Records for processing ->
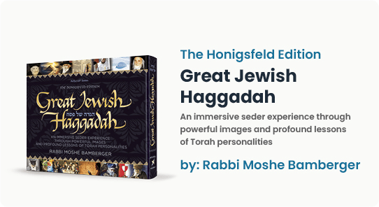 The Great Jewish Haggadah: This stunning, full-color addition to Rabbi Moshe Bamberger’s much-hailed “Great Jewish…”series brings us a Haggadah like no other – one that will ensure a meaningful and unforgettable Seder experience. The text of the Haggadah, with the classic ArtScroll translation and instructions, is clearly laid out on one side of this magnificent Haggadah. The facing page provides a scintillating thought and captivating image relating to the part of the text that is highlighted, including powerful quotes from our sages, each with a brief explanatory comment, set upon a beautifully designed backdrop of evocative photographs and images. Do you like visuals and brief but powerful ideas? You’re going to love this Haggadah! BUY NOW!
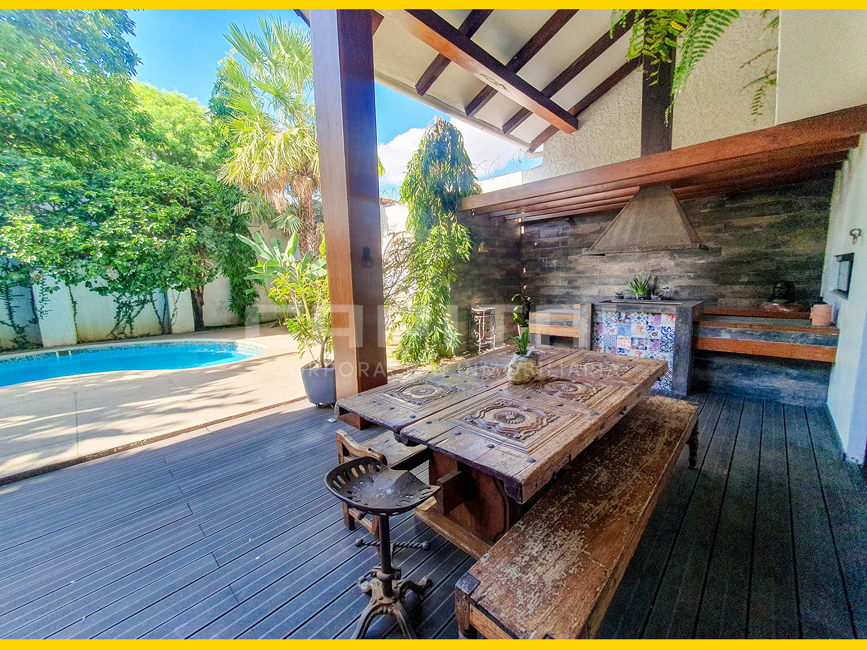Galería con techo alto con piso deck
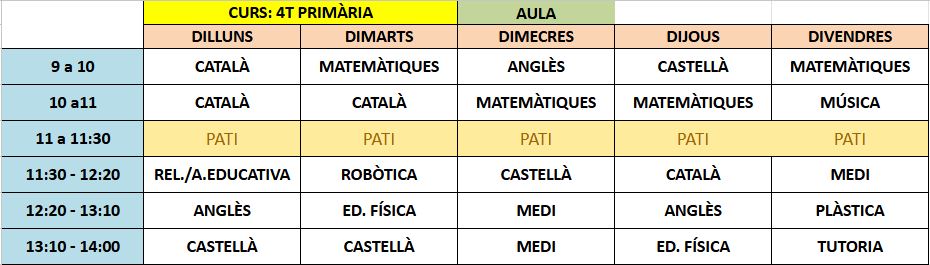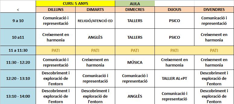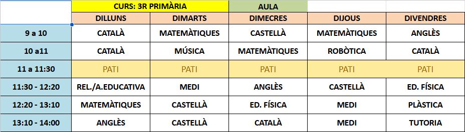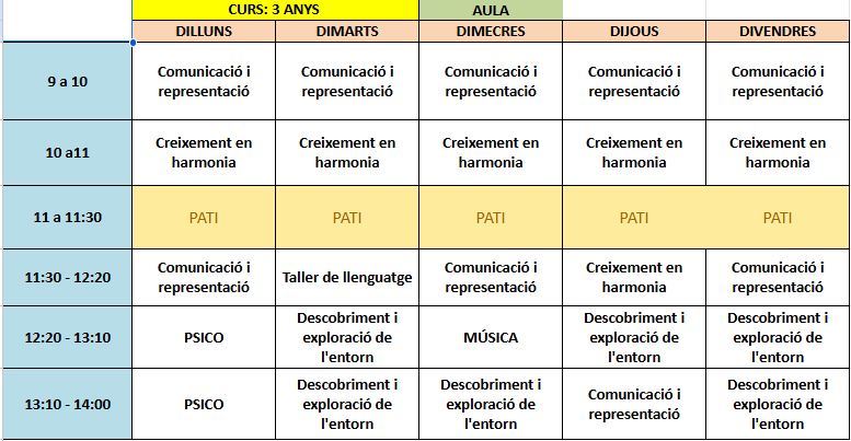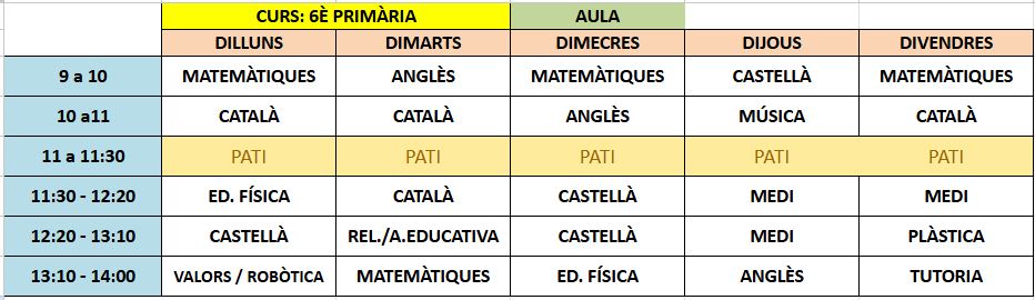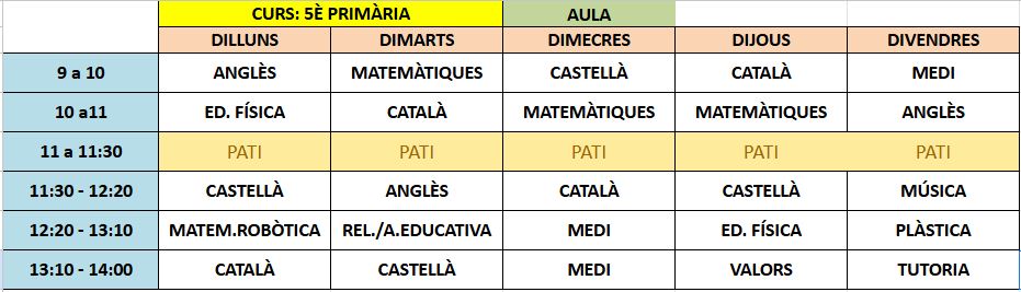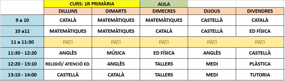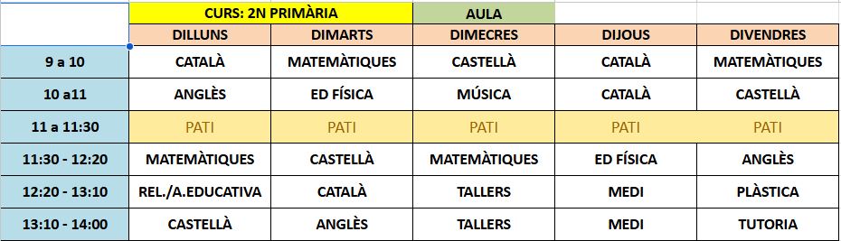 Horari escolar 2025/26 L’horari de la nostra escola és el següent: HORARIS DELS GRUPS Educació Infantil Educació Primària
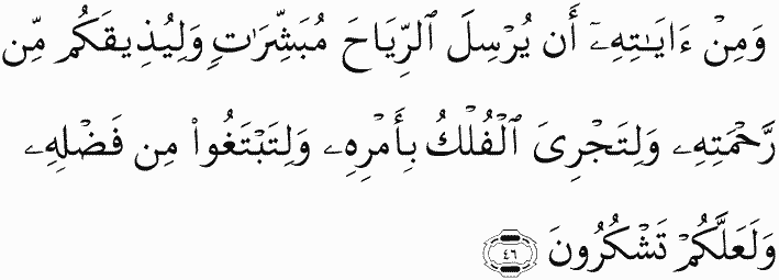 And of His signs is that He sends the winds as bringers of good tidings and to let you taste His mercy and so the ships may sail at His command and so you may seek of His bounty, and perhaps you will be grateful.
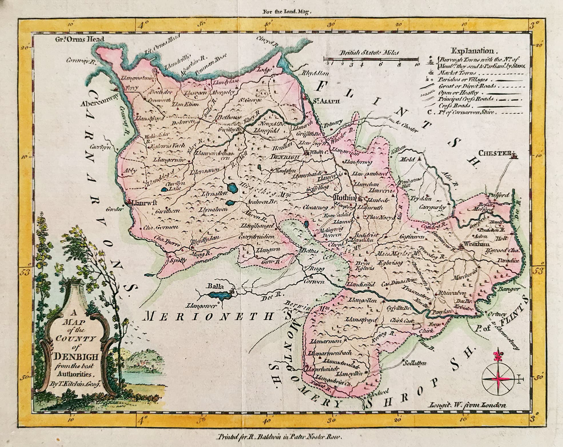 Small decorative c.18th map of Denbigh, Wales by Thomas Kitchen.

Work instructions ->
Copy each line above precisely, dropping the pictures.

Answer to the problem ->
 The Great Jewish Haggadah: This stunning, full-color addition to Rabbi Moshe Bamberger’s much-hailed “Great Jewish…”series brings us a Haggadah like no other – one that will ensure a meaningful and unforgettable Seder experience. The text of the Haggadah, with the classic ArtScroll translation and instructions, is clearly laid out on one side of this magnificent Haggadah. The facing page provides a scintillating thought and captivating image relating to the part of the text that is highlighted, including powerful quotes from our sages, each with a brief explanatory comment, set upon a beautifully designed backdrop of evocative photographs and images. Do you like visuals and brief but powerful ideas? You’re going to love this Haggadah! BUY NOW!
Galería con techo alto con piso deck
 Horari escolar 2025/26 L’horari de la nostra escola és el següent: HORARIS DELS GRUPS Educació Infantil Educació Primària
 And of His signs is that He sends the winds as bringers of good tidings and to let you taste His mercy and so the ships may sail at His command and so you may seek of His bounty, and perhaps you will be grateful.
 Small decorative c.18th map of Denbigh, Wales by Thomas Kitchen.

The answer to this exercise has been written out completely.